What this task involves
Without the pictures, set down every line of the data exactly.

Given data
+++

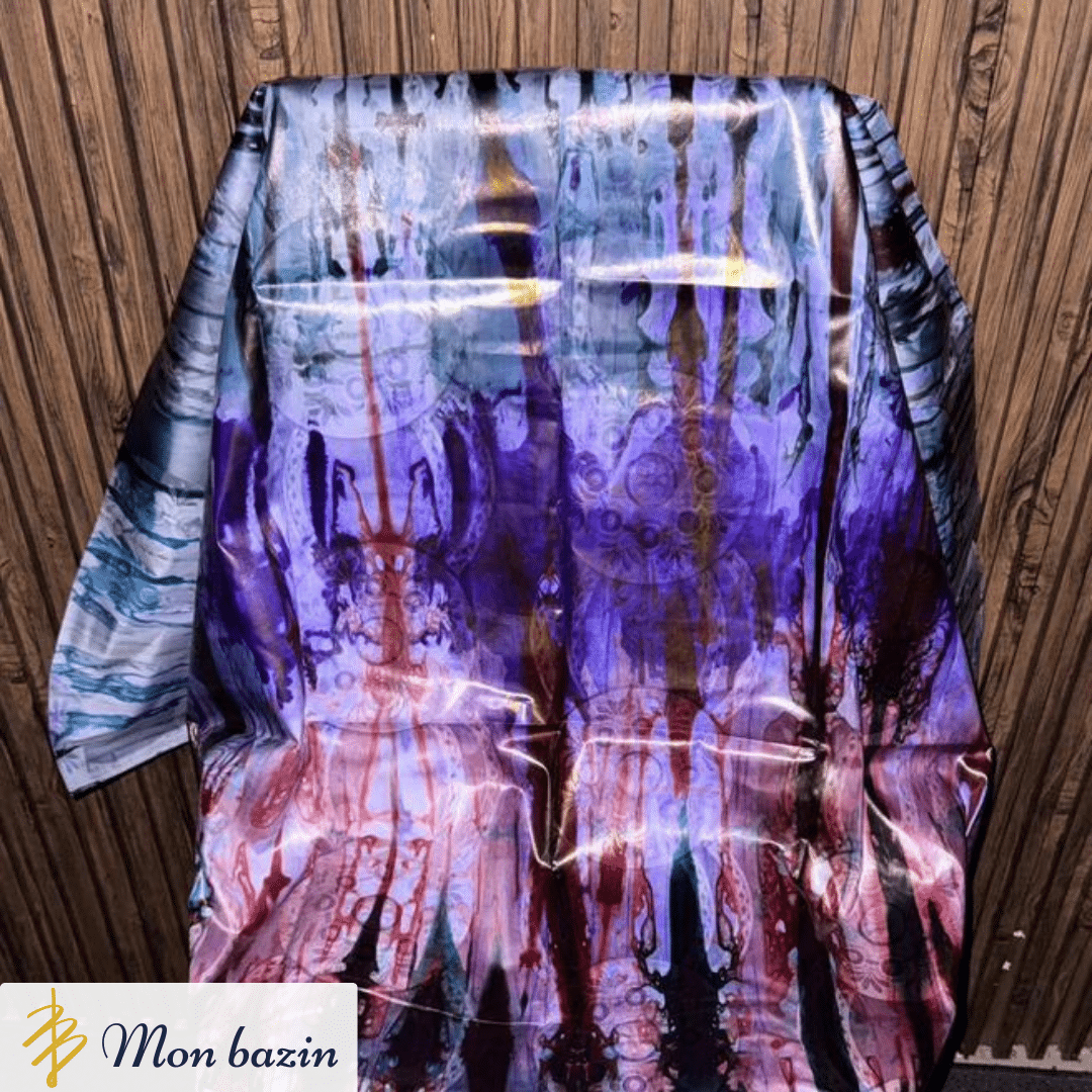 Le Bazin Teinté Bleu Mystique “Dogon” est une pièce d’exception qui attire le regard par son mélange de couleurs intenses. Ses nuances de bleu turquoise et violet s’entrelacent avec des coulures bordeaux et brunes, créant une impression de peinture vivante.
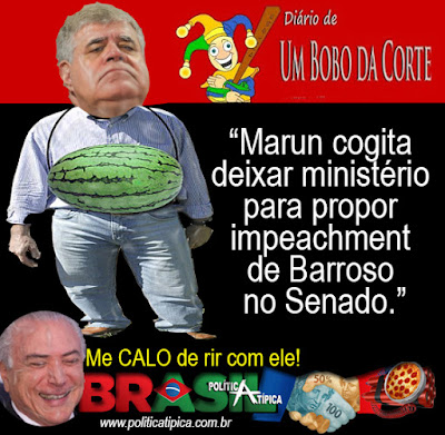 A gravidade é tanta que o poderoso ministro Carlos Marun até ameaçou ontem deixar a Secretaria de Governo da Presidência com a ameaça de retornar ao Senado para processar e pedir o impeachment do supremo-ministro Luís Roberto Barroso. O histriônico Marun acusa Barroso de “crime de responsabilidade”, em função da pressão que exerce contra Temer. A queda dele seria uma espécie de “contrapartida” para compensar a também inevitável detonação judicial de Luiz Inácio Lula da Silva – quase proibido de ser presidenciável porque está prestes a se tornar “presidiável”.
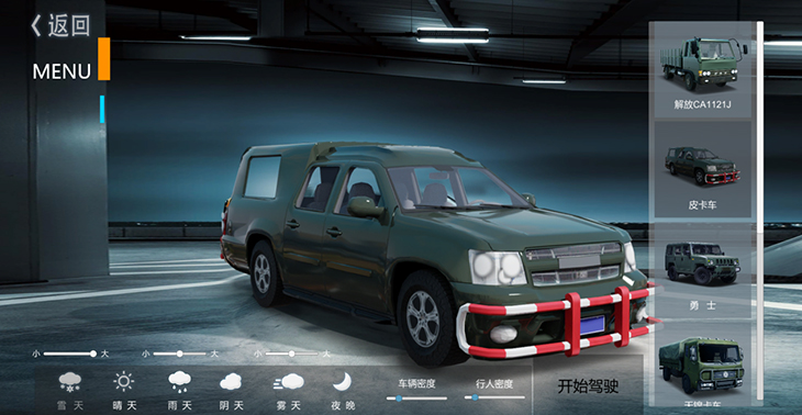 圖二十:天氣、車(chē)輛、行人自由切換功能界面

+++

Exercise answer
 Le Bazin Teinté Bleu Mystique “Dogon” est une pièce d’exception qui attire le regard par son mélange de couleurs intenses. Ses nuances de bleu turquoise et violet s’entrelacent avec des coulures bordeaux et brunes, créant une impression de peinture vivante.
 A gravidade é tanta que o poderoso ministro Carlos Marun até ameaçou ontem deixar a Secretaria de Governo da Presidência com a ameaça de retornar ao Senado para processar e pedir o impeachment do supremo-ministro Luís Roberto Barroso. O histriônico Marun acusa Barroso de “crime de responsabilidade”, em função da pressão que exerce contra Temer. A queda dele seria uma espécie de “contrapartida” para compensar a também inevitável detonação judicial de Luiz Inácio Lula da Silva – quase proibido de ser presidenciável porque está prestes a se tornar “presidiável”.
 圖二十:天氣、車(chē)輛、行人自由切換功能界面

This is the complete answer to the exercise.